**Work request:**
In how many lines of the entries below does "with" appear? Give only the number.

**Given data:**
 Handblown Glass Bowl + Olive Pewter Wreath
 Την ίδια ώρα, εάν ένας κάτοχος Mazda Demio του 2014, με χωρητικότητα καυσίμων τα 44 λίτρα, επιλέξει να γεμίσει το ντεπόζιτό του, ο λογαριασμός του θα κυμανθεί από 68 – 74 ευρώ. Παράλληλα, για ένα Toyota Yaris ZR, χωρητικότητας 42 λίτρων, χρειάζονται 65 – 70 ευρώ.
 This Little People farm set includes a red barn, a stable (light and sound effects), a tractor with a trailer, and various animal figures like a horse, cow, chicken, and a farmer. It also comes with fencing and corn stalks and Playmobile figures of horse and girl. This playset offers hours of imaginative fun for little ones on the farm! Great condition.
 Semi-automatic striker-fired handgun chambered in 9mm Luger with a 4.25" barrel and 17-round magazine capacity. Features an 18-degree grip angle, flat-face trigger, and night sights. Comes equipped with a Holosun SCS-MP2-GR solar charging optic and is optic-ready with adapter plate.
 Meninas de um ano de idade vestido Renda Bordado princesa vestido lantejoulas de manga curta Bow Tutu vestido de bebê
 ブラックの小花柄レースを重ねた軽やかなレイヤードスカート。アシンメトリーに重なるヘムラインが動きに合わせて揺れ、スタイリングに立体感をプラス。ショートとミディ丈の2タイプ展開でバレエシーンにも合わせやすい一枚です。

**Response to this exercise:**
2